6.1 Du point de vue de la gestion de l’eau

La norme actuelle pour la gestion de l’eau est celle d’une gestion par bassin versant. La définition d’un espace autour des limites physiques de la ressource pour la gestion de celle-ci a été conçue dès le 19ème siècle pour transcender les intérêts particuliers (Viellard-Coffre, 2001). Les usagers restent hors de la gestion, qui devient du ressort exclusif de spécialistes de l’eau. Cette délimitation pose cependant rapidement problème du fait de la complexité des enjeux de la gestion de l’eau : comment prendre en compte le recouvrement entre différentes ressources (nappe souterraine et réseau de surface), comment prendre en compte les échanges d’eau organisés (transferts interbassin), comment prendre en compte la localisation des usages et les transferts d’eau virtuelle ainsi induits… Au bout du compte, les limites des territoires où se discute la gestion de l’eau sont discutées au sein de la sphère technique, quand bien même l’implication des usagers est mise à l’honneur. D’autres territoires seraient possibles, tel que bassin d’approvisionnement, territoires de demande, mais les enjeux écologiques ramènent souvent « naturellement » au sacro-saint bassin versant (Mermet & Treyer, 2001).

Tout montre cependant que le bassin versant n’est pas un espace fonctionnel de gestion pour les acteurs de terrain. Il renvoie spécifiquement à la rationalité de l’expert (Salles & Zelem, 1998).
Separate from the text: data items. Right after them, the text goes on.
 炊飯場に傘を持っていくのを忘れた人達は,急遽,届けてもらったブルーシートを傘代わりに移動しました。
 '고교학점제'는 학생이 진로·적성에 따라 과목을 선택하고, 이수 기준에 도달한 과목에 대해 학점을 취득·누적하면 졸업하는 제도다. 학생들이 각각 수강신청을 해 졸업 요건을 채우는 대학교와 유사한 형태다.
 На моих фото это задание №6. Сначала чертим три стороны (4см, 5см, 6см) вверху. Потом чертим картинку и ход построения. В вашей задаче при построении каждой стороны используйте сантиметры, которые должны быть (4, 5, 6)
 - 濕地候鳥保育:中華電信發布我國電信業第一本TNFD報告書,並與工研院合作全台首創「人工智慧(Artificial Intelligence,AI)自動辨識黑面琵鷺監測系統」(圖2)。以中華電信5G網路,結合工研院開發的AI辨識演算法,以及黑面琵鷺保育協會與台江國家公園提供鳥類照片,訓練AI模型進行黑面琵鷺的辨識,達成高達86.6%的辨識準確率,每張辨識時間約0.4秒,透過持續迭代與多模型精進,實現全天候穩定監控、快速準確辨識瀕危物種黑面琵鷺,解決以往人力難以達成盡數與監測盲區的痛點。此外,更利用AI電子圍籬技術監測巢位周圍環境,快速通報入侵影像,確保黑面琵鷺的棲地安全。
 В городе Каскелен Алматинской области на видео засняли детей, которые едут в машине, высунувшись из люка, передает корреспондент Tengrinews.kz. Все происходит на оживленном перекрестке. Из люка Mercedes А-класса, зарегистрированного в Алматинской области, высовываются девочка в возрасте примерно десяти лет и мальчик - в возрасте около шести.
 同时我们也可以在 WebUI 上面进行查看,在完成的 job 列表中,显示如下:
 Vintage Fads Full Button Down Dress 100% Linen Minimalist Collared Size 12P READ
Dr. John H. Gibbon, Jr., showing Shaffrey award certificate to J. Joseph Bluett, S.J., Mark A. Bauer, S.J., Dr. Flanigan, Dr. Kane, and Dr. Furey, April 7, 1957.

Les objectifs d’aménagement du territoire, de production énergétique nationale ou d’autosuffisance alimentaire génèrent des décisions généralement hors du contexte d’une institution de bassin, alors qu’elles ont des incidences sur les hydrosystèmes en lien avec ce territoire. Elles prennent en compte des besoins spécifiques tel que la préservation de l’emploi dans un territoire donné ou les attaches culturelles à une certaine forme de paysage hydraulique. Ces formes de paysage hydraulique peuvent être issues d’autres zones géographiques12.
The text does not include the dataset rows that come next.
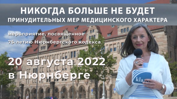 "Право на жизнь и физическую целостность неприкосновенно" - требования Нюрнбергского кодекса никогда не были так актуальны во всем мире, как сегодня. Поэтому по случаю 75-летия 20.08.2022 года в Нюрнберге состоится памятное мероприятие, приглашающее присоединиться - обращение ко "всем неподкупным людям, у которых еще остался непоколебимый моральный компас"...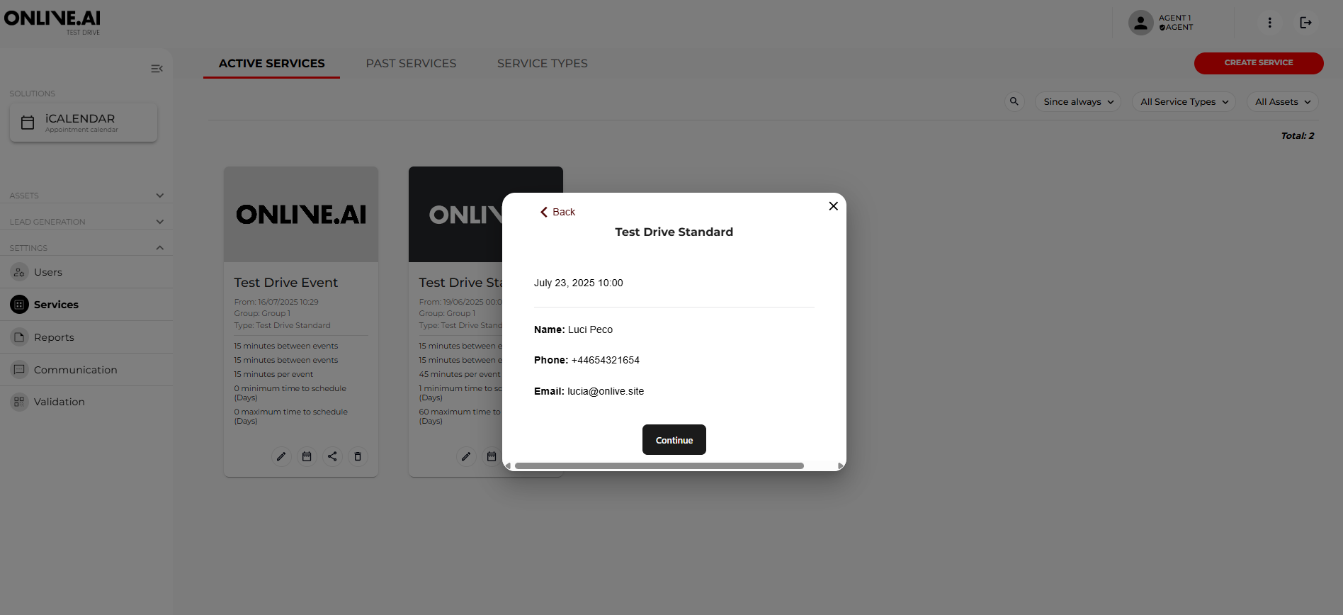 2. Select the Car Model, the date and time that the user wants from the available options. If there are more than one Agent in a group/dealership, you will need to select the calendar for the specific agent to whom the booking will be assigned.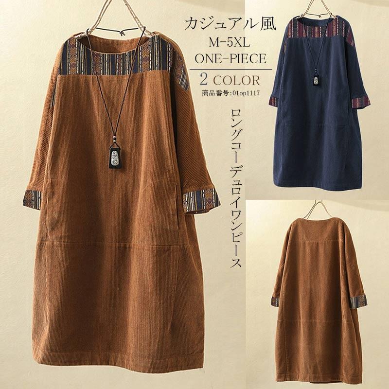 amazon mingleigo 新色 ワンピース レディース 長袖 コーデュロイ プリント 秋冬 ゆったり 大きいサイズ おしゃれ 体型カバー aライン 森ガール カジュアル シンプル チュニックトップス 着痩せ お洒落 通勤 結婚式 パーティードレス お出かけ ワンピース チュニック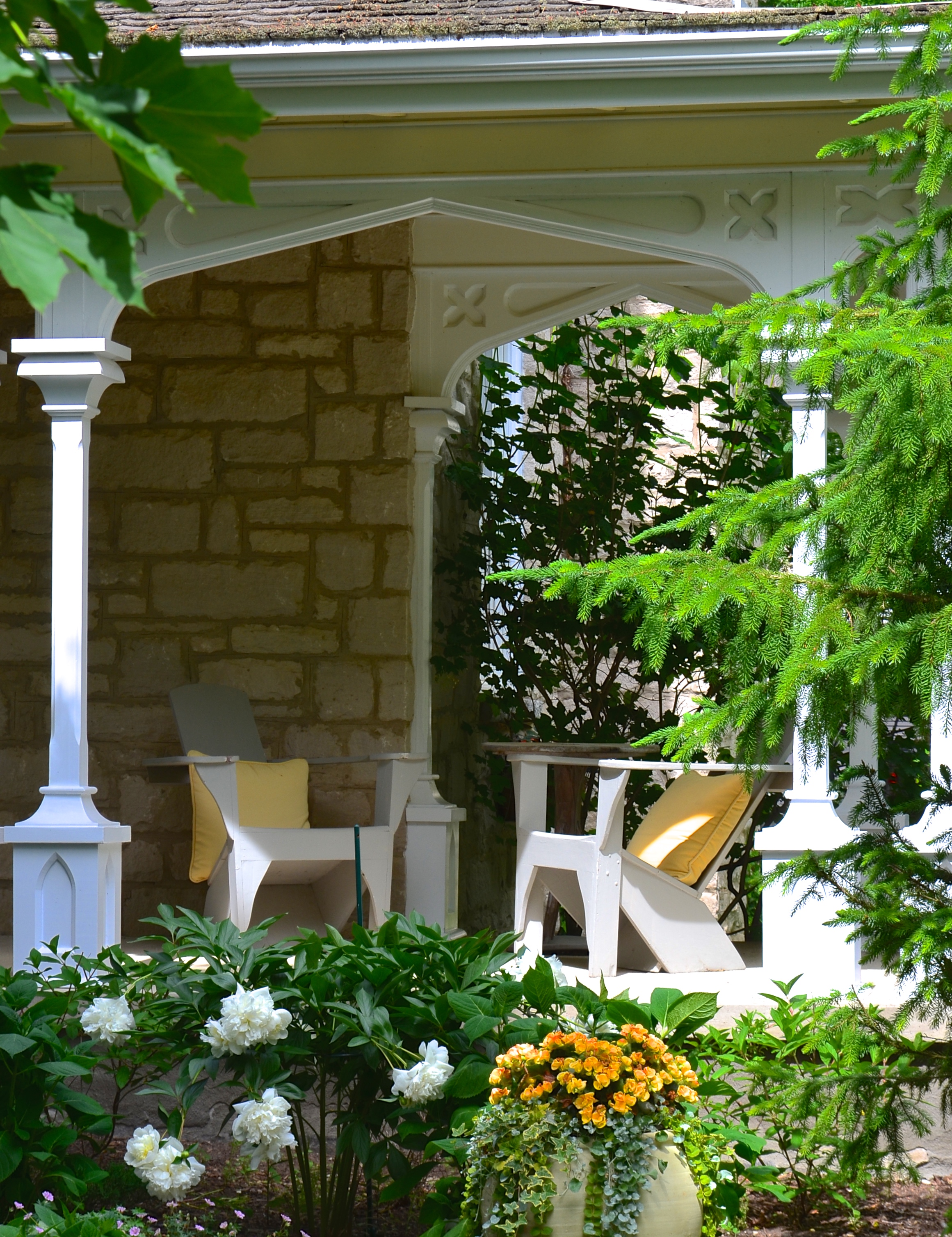 One corner of a long porch spanning the width of a grand home shelters two wooden garden chairs with yellow pillows that complement the garden. Shot on a Toronto Botanical Garden tour near Creemore, ON, in June, 2016.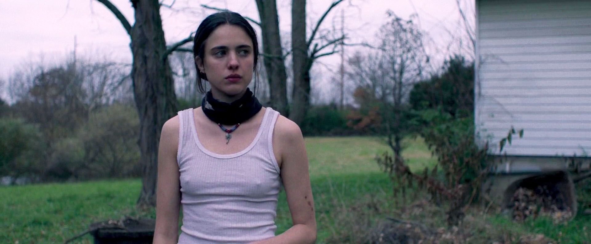 Margaret Qualley (dans le rôle de Delia Angus) vole tout le film à ses co-stars avec une paire incroyable de scènes nues dans ce film ! D’abord, on aperçoit ses fesses alors qu’elle chevauche un homme battu sur une chaise à la 23e minute, puis elle apparaît complètement nue, montrant ses seins et son pubis, à la 68e minute en sortant d’un ruisseau !

Le caractère naturel de la justification de la constitution des institutions en charge de la gestion de l’eau est un moyen de dépasser leur nécessaire mortalité telle que décrite par Hatchuel (Hatchuel, 2000). Tant que l’eau coule l’institution de bassin se doit d’exister. Le même type de rationalisation par les dynamiques naturelles a conduit dans le contexte de sociétés agricoles dirigées par une classe bureaucratique à ce qui a été décrit comme le despotisme oriental des états hydrauliques d’Asie (Wittvogel, 1964). Cette rationalisation n’est pas seule à l’origine de cette forme de pouvoir, l’absence d’échelons intermédiaires entre le pouvoir central et les individus est en particulier une condition présente dans l’analyse de Wittvogel qu’on ne retrouve pas dans les politiques de l’eau actuelles. La mise en place d’un mode de gouvernance déterministe et technique de la gestion de l’eau est un élément permettant une évolution dans ce sens.

Nous avons vu dans ce qui précède que s’appuyer sur la diversité des points de vue permet des décisions collectives efficaces et robustes. La prise en compte de cette diversité se fait en suivant les réseaux au fur et à mesure des interactions, que celles-ci soient de nature physique, sociale ou économique, donc sans limite géographique a priori. Le métier d’un ingénieur ayant en charge la bonne gestion de l’objet bassin versant devrait alors s’appuyer sur cette diversité et l’existence éventuelle d’institutions indépendantes du bassin versant mais interagissant avec celui-ci. Une des pistes que nous engageons actuellement avec plusieurs

12 La notion de débit minimum défini par une valeur statistique en zone méditerranéenne conduit ainsi certains animateurs de bassin versant à dire que les rivières sont « hors la loi » car naturellement sèches de manière épisodique, ces rivières ayant un débit très variable !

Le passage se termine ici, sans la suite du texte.